Inverse CDF requires knowing $F^{-1}$ analytically. For many distributions (multivariate Gaussian, posterior distributions in Bayesian models), this is not available.

3. Rejection Sampling

Sample from a proposal distribution $q(x)$ that is easy to sample from, and reject samples that are unlikely under the target $p(x)$.

Algorithm

Given target $p(x)$ and proposal $q(x)$ with constant $M$ such that $p(x) \leq M \cdot q(x)$ for all $x$:

REPEAT:
  1. Sample x ~ q(x)
  2. Sample u ~ Uniform(0, 1)
  3. IF u <= p(x) / (M * q(x)):
       ACCEPT x  (return x)
     ELSE:
       REJECT x  (try again)

Acceptance probability: $P(\text{accept}) = \frac{1}{M}$

The tighter the proposal envelope ($M$ close to 1), the fewer rejections.

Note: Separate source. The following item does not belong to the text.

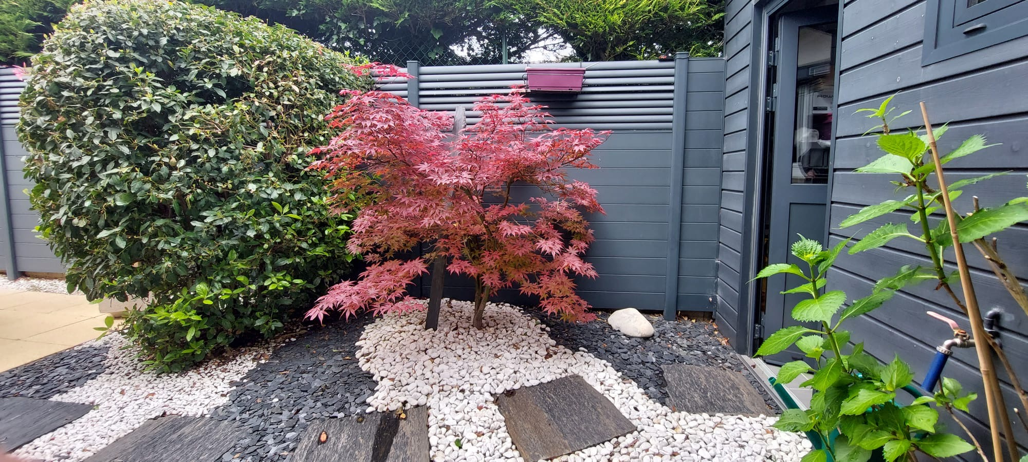 Le terrain aménagé au style japonisant est parfaitement entretenu et n'offre pas de vis à vis
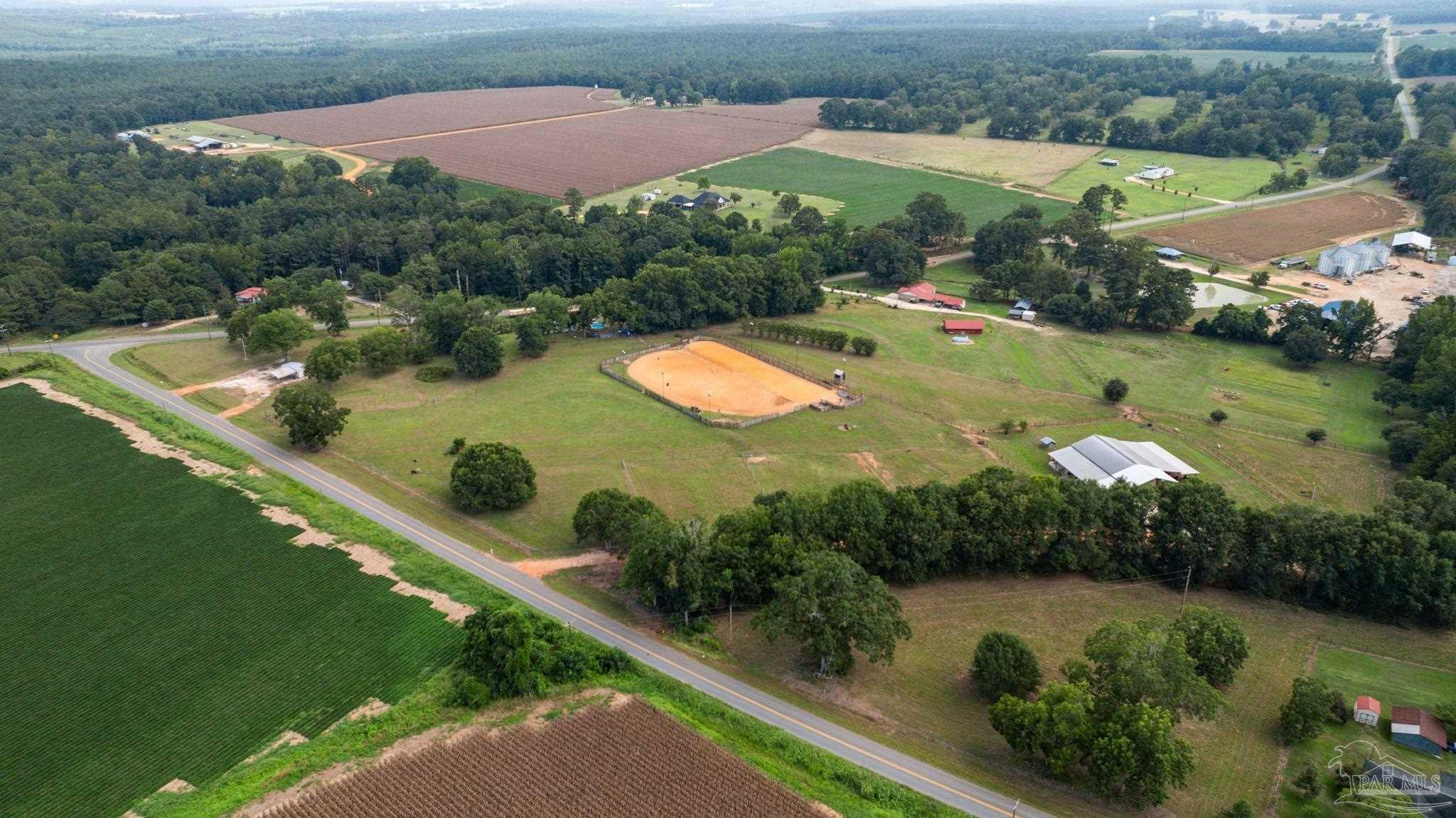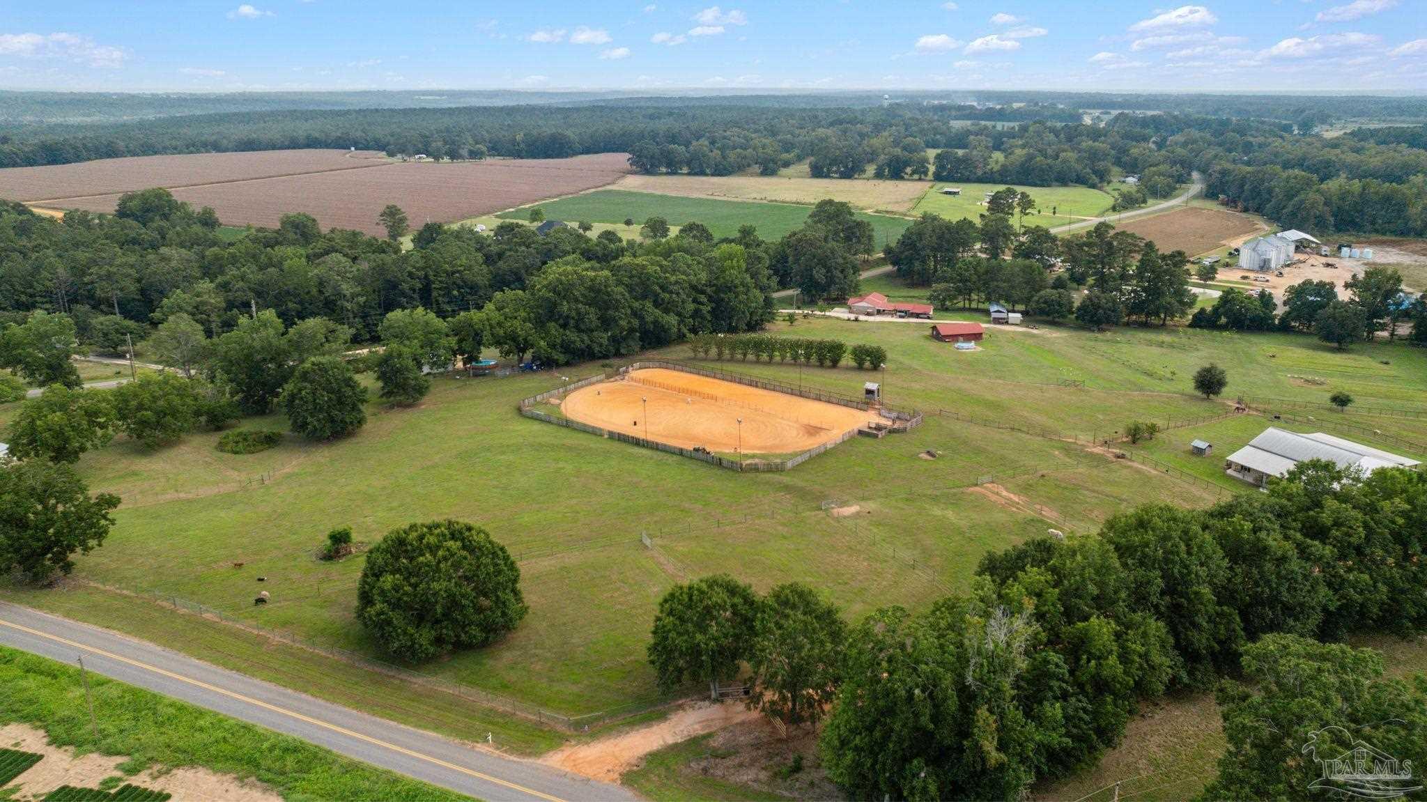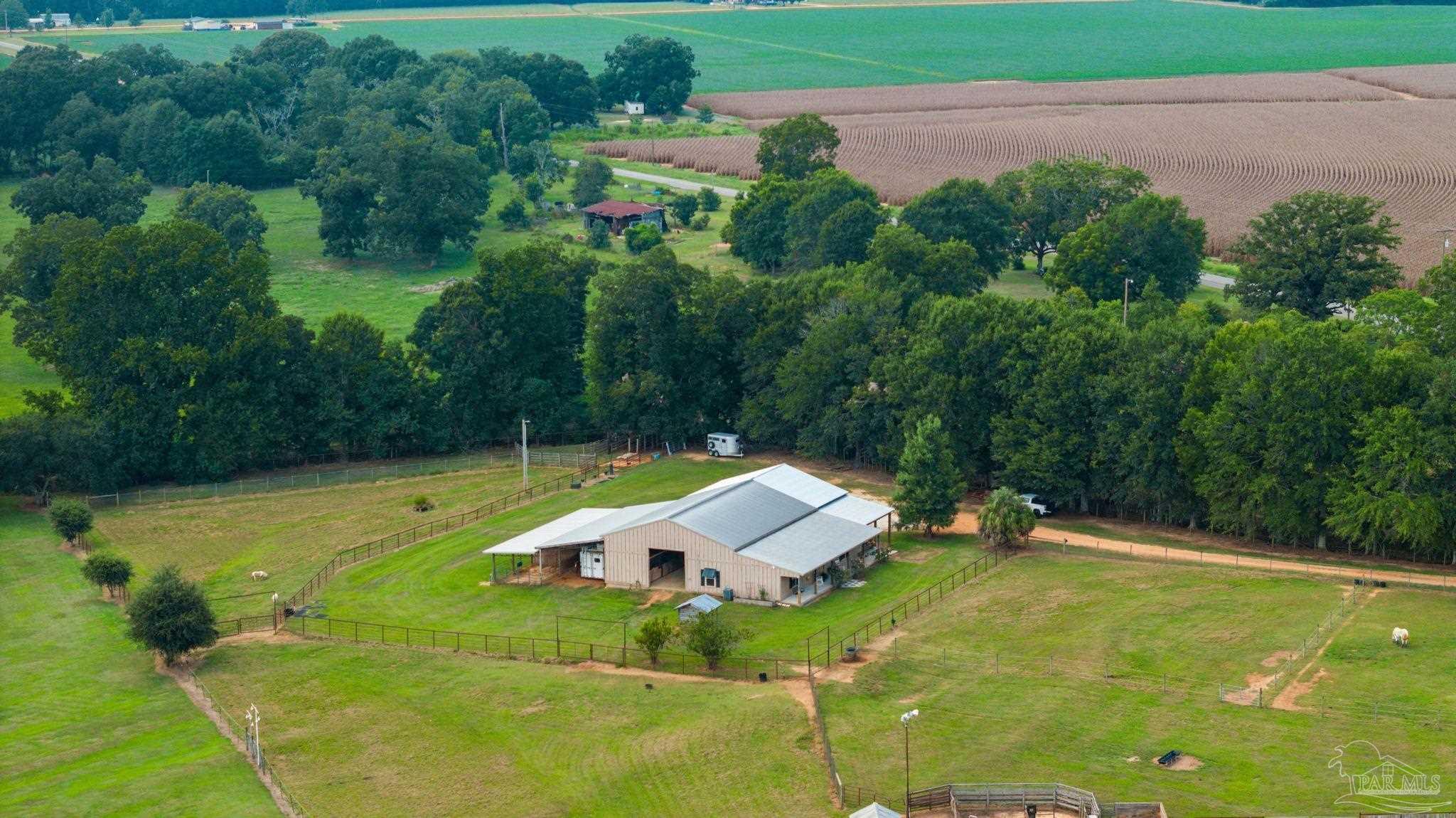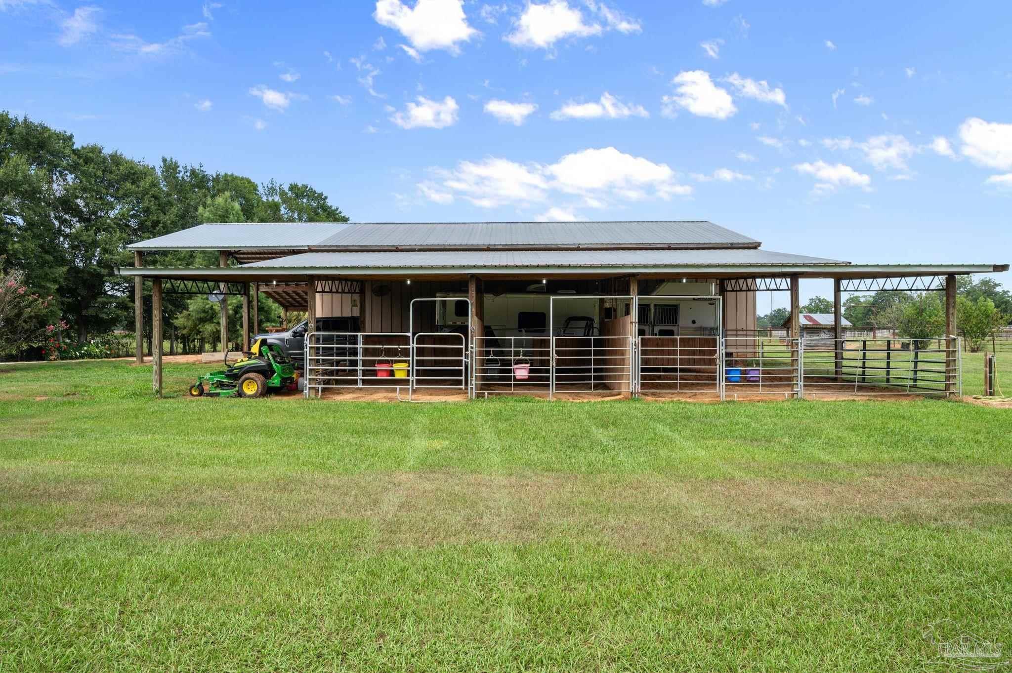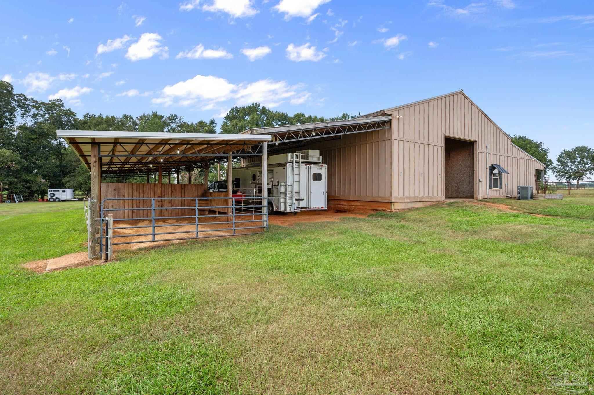 Discover your country oasis in Monroe County, AL! This one-of-a-kind Barndominium sitting on +/- 10 acres blends country charm with modern living across an expansive 7,800 sq ft total and 1,560 sq ft of thoughtfully designed living space. Inside, 14-foot ceilings soar above a warm, inviting layout featuring 3 bedrooms and 1.5 baths, with striking custom stained concrete floors that add texture and depth. Outdoor enthusiasts will be delighted by the fully equipped equestrian amenities: 9 separate livestock paddocks, 7 stalls, a complete tack and feed room, sturdy pipe fencing, and a lighted 150’ x 225’ arena with an announcer’s stand for events and practice. Convenience and practicality abound with a gated drive, RV/horse trailer cover with hookups, a carport, and two roll-up barn doors for easy access. Peach trees are an added bonus! Location could not be better - just 70 miles from Pensacola or Mobile, 90 miles to Gulf Shores, and within easy reach of Montgomery (120 miles) and New Orleans (200 miles). This home truly has it all, so call us today and make this property the address of your dreams!

Rejection Sampling Visualization:

  M·q(x)  ─────────────────────────────────  (proposal envelope)
           │                           │
  p(x)     │      ╭───────╮            │      (target density)
           │    ╭─╯       ╰─╮          │
           │  ╭─╯           ╰───╮      │
           └──────────────────────────── x

  Accept region (between p(x) and M·q(x)): probability p(x)/(M·q(x))
  Reject region (above p(x)):              probability 1 - p(x)/(M·q(x))

import numpy as np
from scipy.stats import norm, beta

def rejection_sampling(target_pdf, proposal_pdf, proposal_sampler, M, n_samples):
    """
    Generic rejection sampler.

    Args:
        target_pdf: function x -> p(x)
        proposal_pdf: function x -> q(x)
        proposal_sampler: function n -> n samples from q
        M: constant such that p(x) <= M * q(x) for all x
        n_samples: desired number of accepted samples

    Returns:
        accepted_samples, n_total_attempts
    """
    accepted = []
    n_attempts = 0

    while len(accepted) < n_samples:
        # Step 1: sample from proposal
        x = proposal_sampler(1)[0]
        n_attempts += 1

        # Step 2: compute acceptance ratio
        accept_ratio = target_pdf(x) / (M * proposal_pdf(x))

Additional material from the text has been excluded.